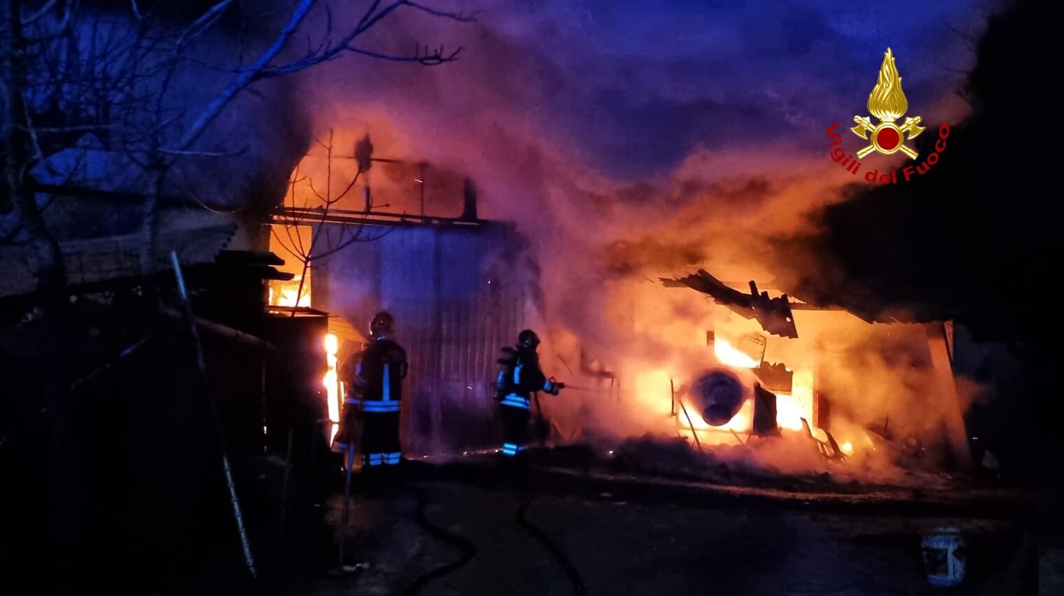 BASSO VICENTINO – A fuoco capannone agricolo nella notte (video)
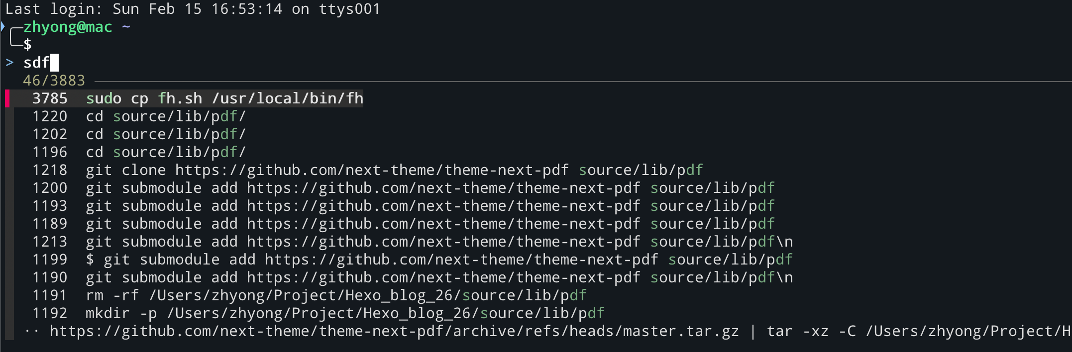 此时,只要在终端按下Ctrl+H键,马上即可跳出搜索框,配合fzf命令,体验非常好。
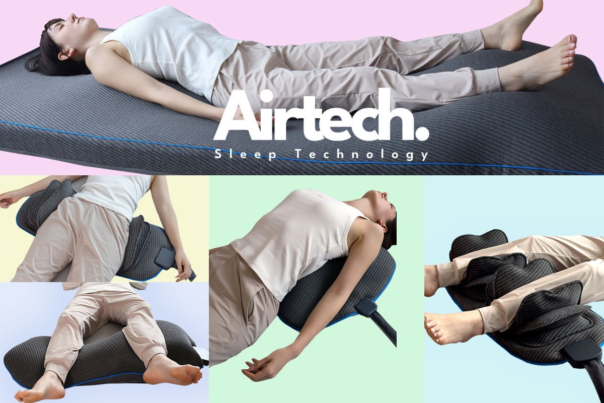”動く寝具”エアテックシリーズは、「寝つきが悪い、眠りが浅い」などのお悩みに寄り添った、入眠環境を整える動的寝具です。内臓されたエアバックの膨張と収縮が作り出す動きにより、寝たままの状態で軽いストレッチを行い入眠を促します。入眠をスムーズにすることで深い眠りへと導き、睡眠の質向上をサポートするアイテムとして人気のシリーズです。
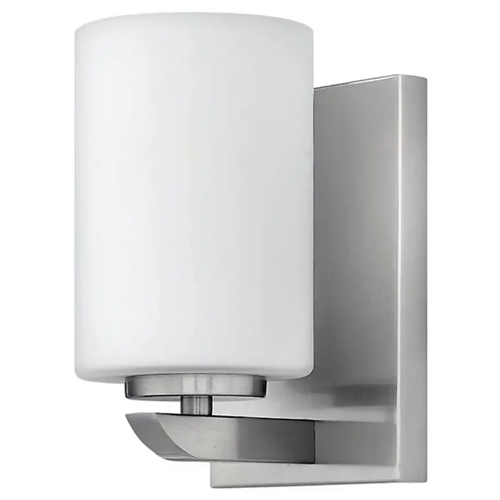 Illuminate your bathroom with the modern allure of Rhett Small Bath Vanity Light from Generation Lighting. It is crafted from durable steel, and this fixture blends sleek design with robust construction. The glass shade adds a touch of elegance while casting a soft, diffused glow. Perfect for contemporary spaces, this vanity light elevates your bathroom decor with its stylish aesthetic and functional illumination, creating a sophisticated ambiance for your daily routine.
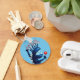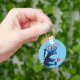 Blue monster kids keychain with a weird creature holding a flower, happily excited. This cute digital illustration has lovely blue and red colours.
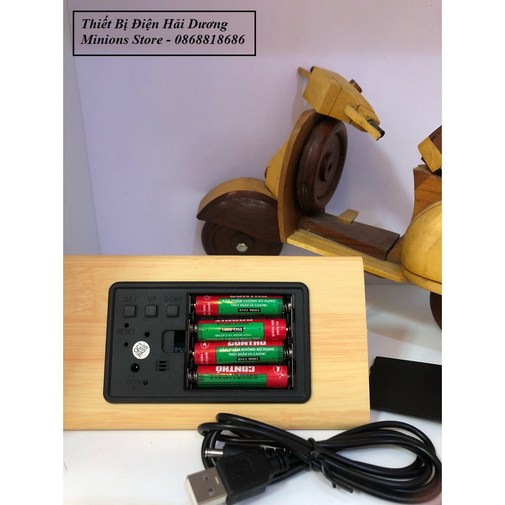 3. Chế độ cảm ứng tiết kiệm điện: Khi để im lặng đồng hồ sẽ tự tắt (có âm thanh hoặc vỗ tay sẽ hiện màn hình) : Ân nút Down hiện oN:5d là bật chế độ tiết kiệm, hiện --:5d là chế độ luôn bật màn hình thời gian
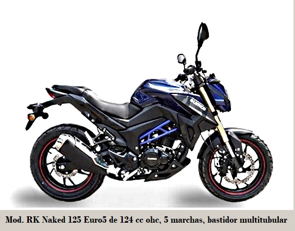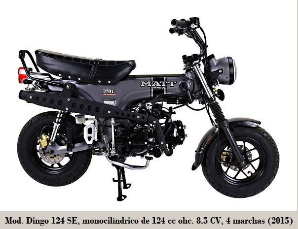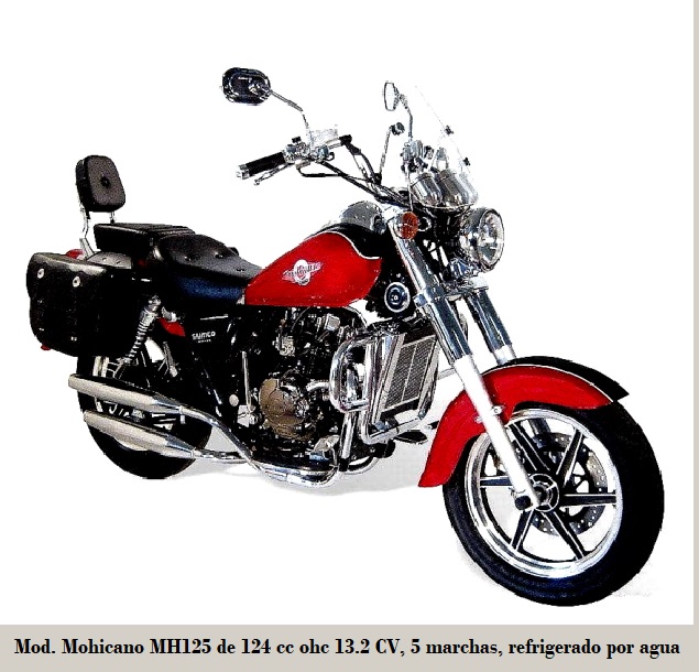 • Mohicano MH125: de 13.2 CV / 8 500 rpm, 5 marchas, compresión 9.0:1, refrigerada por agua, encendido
==
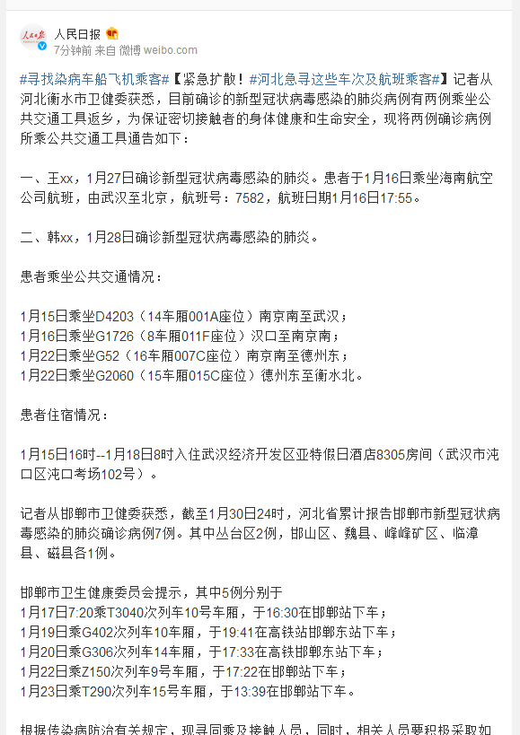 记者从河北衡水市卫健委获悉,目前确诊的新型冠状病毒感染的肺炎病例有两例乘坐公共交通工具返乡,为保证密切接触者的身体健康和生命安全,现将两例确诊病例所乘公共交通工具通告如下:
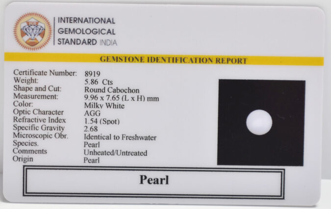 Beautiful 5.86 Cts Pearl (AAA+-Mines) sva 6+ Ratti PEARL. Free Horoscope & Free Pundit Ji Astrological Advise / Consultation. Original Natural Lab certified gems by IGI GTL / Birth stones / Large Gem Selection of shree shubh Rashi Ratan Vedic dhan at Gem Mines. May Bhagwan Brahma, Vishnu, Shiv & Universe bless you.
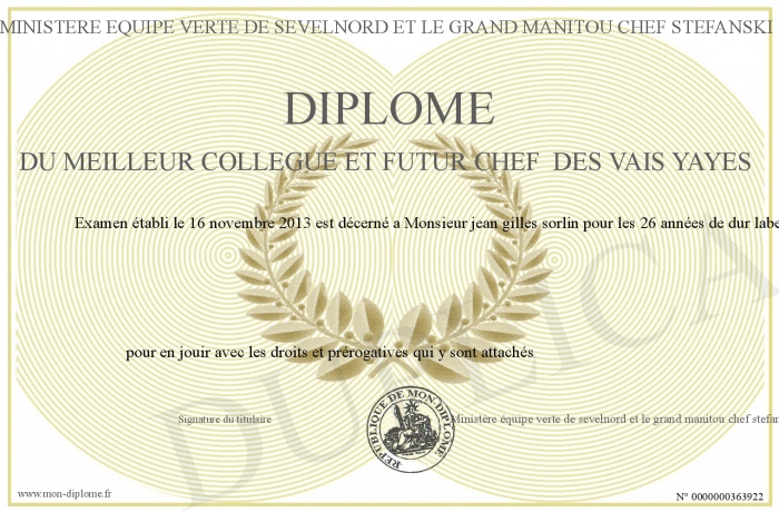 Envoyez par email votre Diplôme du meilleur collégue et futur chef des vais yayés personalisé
...
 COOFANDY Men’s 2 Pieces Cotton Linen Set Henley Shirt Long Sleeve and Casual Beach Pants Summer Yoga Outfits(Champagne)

WORK REQUEST ->
Your copy should hold only the lines above from the one containing "Illuminate your bathroom" through the one containing "por agua, encendido", exactly as written and free of pictures.

WORKED SOLUTION ->
 Illuminate your bathroom with the modern allure of Rhett Small Bath Vanity Light from Generation Lighting. It is crafted from durable steel, and this fixture blends sleek design with robust construction. The glass shade adds a touch of elegance while casting a soft, diffused glow. Perfect for contemporary spaces, this vanity light elevates your bathroom decor with its stylish aesthetic and functional illumination, creating a sophisticated ambiance for your daily routine.
 Blue monster kids keychain with a weird creature holding a flower, happily excited. This cute digital illustration has lovely blue and red colours.
 3. Chế độ cảm ứng tiết kiệm điện: Khi để im lặng đồng hồ sẽ tự tắt (có âm thanh hoặc vỗ tay sẽ hiện màn hình) : Ân nút Down hiện oN:5d là bật chế độ tiết kiệm, hiện --:5d là chế độ luôn bật màn hình thời gian
 • Mohicano MH125: de 13.2 CV / 8 500 rpm, 5 marchas, compresión 9.0:1, refrigerada por agua, encendido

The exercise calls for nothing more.